▶ **RECORDS FOR THIS TASK**
>>>
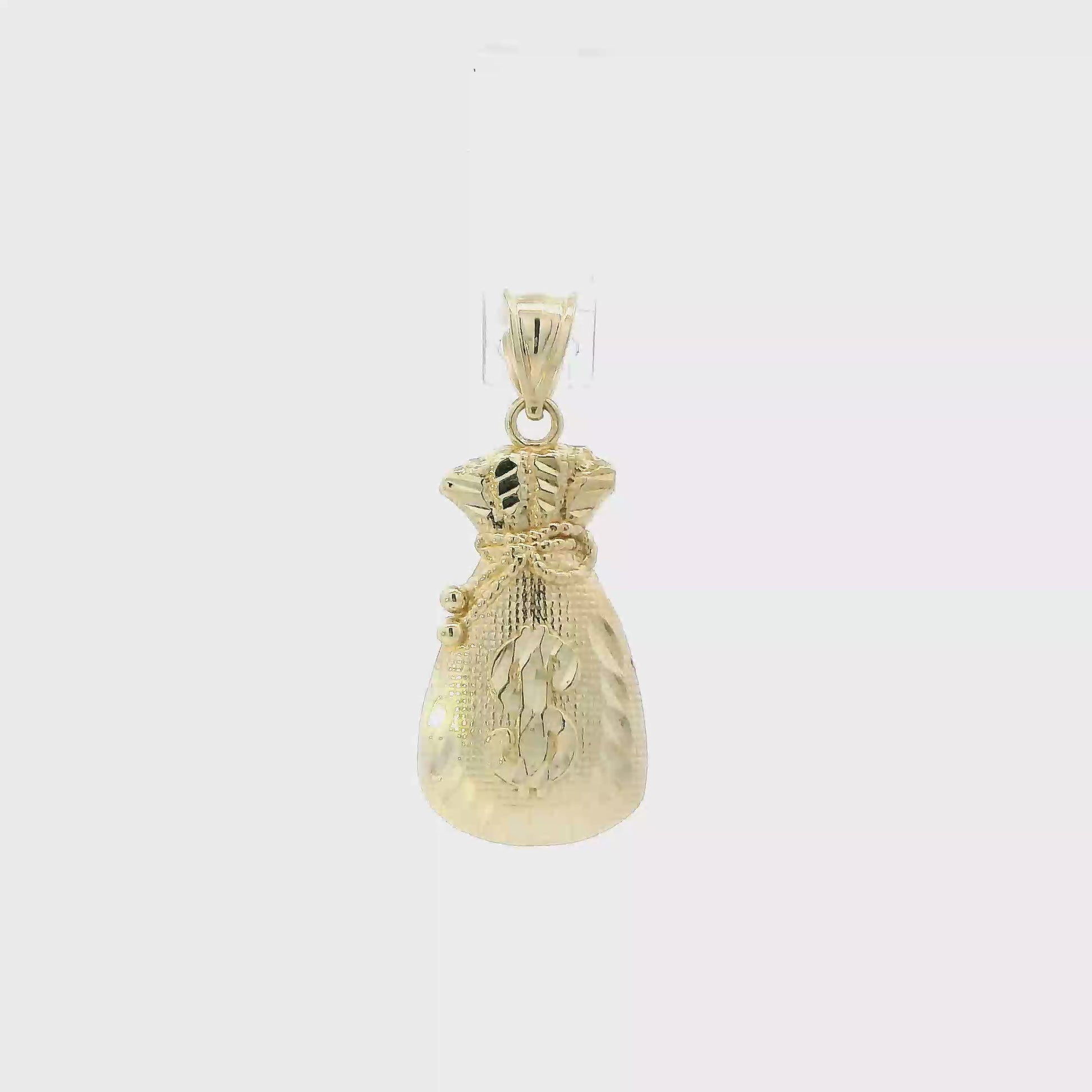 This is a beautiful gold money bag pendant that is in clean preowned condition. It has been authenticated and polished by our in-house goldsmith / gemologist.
<<<
>>>
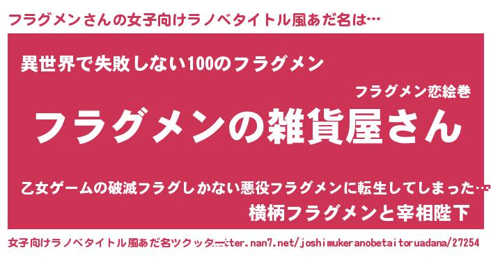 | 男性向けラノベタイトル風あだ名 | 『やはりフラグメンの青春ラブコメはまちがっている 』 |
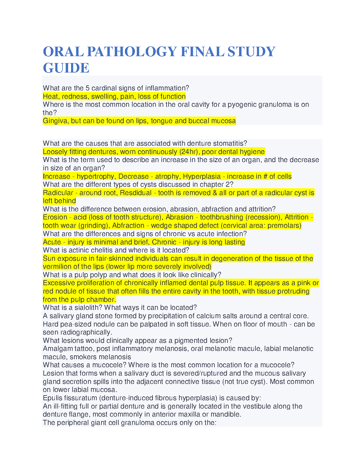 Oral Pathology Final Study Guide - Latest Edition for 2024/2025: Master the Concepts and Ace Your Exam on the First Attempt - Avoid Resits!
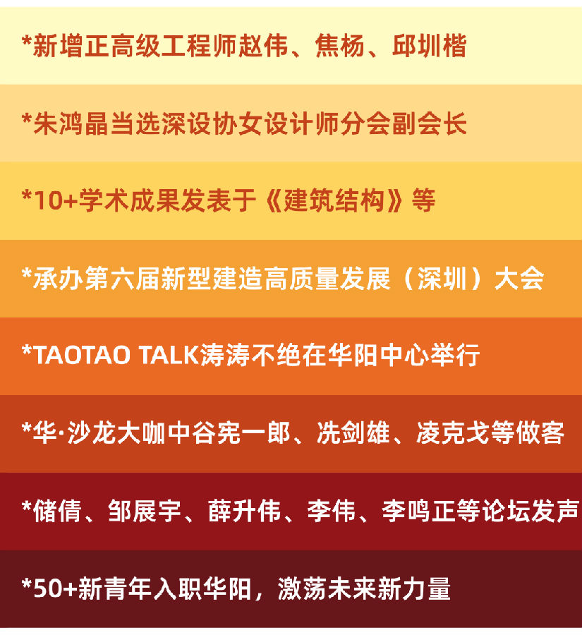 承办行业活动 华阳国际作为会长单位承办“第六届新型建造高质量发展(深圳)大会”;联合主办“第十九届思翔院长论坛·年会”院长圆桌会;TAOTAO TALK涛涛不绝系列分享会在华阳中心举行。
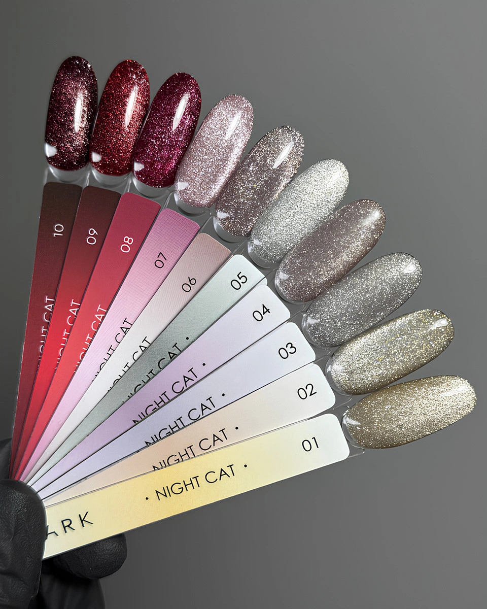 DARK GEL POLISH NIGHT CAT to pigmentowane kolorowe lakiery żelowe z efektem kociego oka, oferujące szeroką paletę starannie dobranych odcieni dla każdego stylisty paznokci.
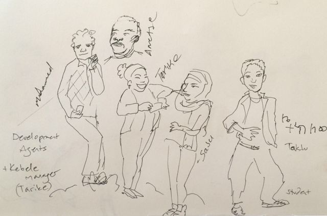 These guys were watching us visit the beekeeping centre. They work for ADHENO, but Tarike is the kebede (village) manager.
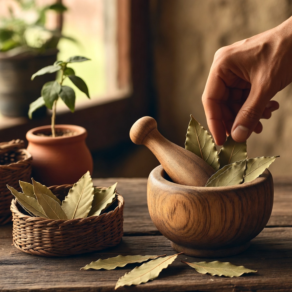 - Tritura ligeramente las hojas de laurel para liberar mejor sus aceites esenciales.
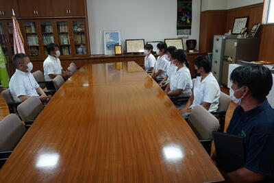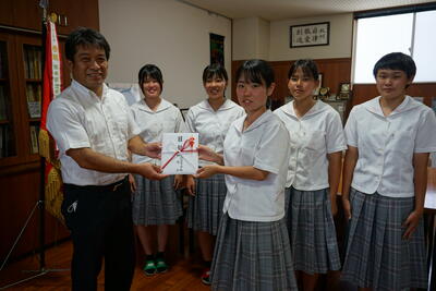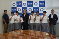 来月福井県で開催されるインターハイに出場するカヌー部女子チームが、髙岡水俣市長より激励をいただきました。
<<<
>>>
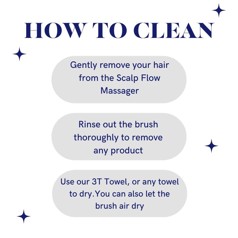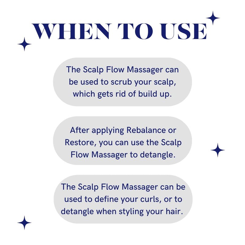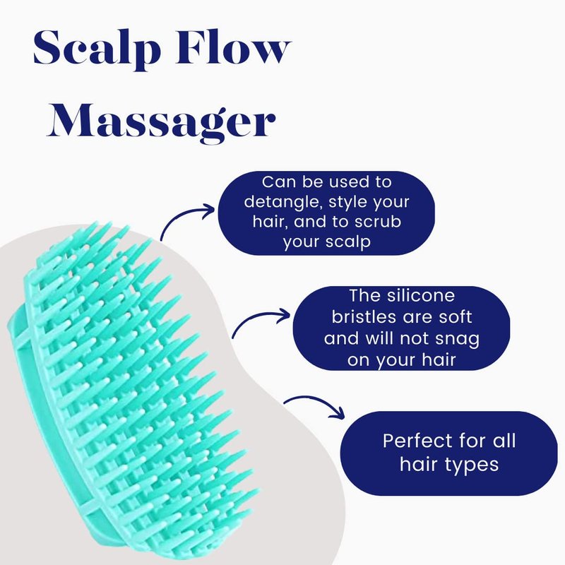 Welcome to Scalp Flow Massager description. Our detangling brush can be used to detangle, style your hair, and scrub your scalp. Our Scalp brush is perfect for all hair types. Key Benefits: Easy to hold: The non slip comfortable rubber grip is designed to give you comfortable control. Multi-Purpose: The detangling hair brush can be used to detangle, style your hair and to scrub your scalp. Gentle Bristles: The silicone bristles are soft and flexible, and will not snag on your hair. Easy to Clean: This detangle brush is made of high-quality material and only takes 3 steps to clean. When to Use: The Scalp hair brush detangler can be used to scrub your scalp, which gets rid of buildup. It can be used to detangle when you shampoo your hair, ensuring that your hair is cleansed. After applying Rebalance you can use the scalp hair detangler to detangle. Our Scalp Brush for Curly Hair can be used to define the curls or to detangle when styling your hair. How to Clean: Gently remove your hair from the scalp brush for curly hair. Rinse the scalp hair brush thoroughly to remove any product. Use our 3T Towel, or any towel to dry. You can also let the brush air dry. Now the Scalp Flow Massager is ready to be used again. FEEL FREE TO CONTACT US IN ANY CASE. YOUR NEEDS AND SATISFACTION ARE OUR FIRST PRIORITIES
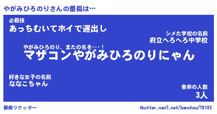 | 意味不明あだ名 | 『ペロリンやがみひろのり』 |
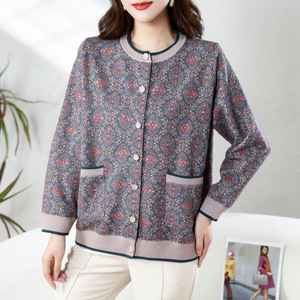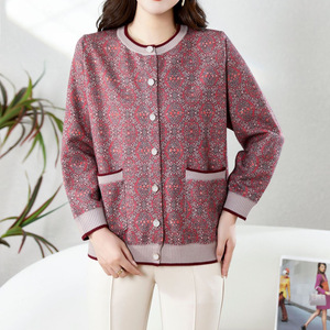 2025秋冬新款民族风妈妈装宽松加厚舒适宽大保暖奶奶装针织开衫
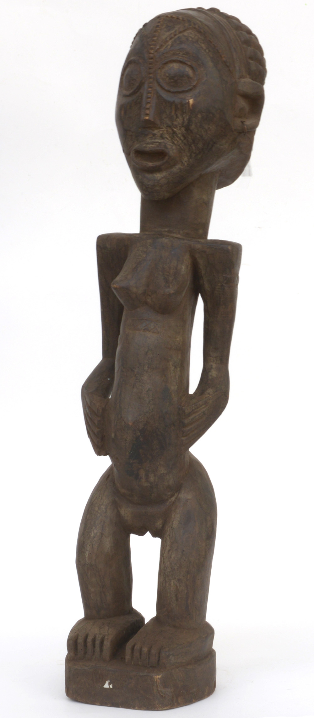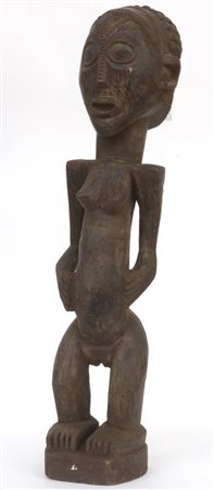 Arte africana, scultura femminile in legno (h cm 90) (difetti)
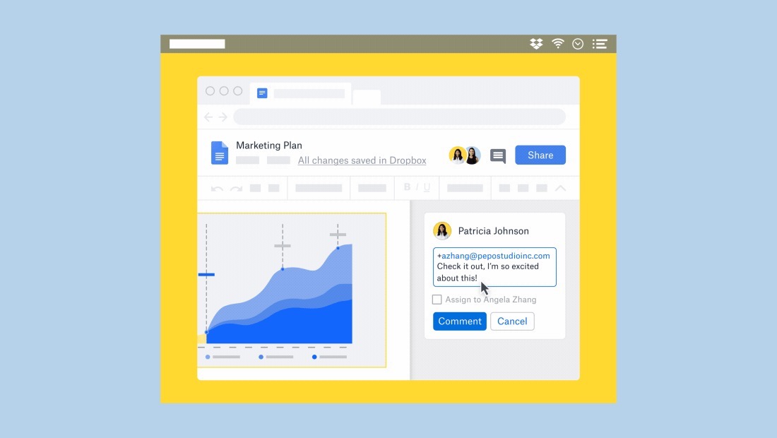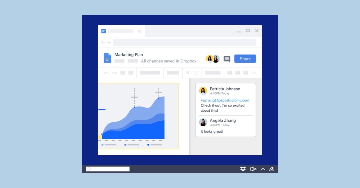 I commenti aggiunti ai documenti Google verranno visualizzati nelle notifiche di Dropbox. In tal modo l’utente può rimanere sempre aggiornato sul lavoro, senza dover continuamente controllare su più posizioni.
<<<
▶ **ASSIGNMENT**
Each line above from the one containing "2025秋冬新款民族风妈妈装宽松加厚舒适宽大保暖奶奶装针织开衫" through the one containing "I commenti aggiunti" is to be returned verbatim. Nothing else, and no pictures.

▶ **EXERCISE RESPONSE**
 2025秋冬新款民族风妈妈装宽松加厚舒适宽大保暖奶奶装针织开衫
 Arte africana, scultura femminile in legno (h cm 90) (difetti)
 I commenti aggiunti ai documenti Google verranno visualizzati nelle notifiche di Dropbox. In tal modo l’utente può rimanere sempre aggiornato sul lavoro, senza dover continuamente controllare su più posizioni.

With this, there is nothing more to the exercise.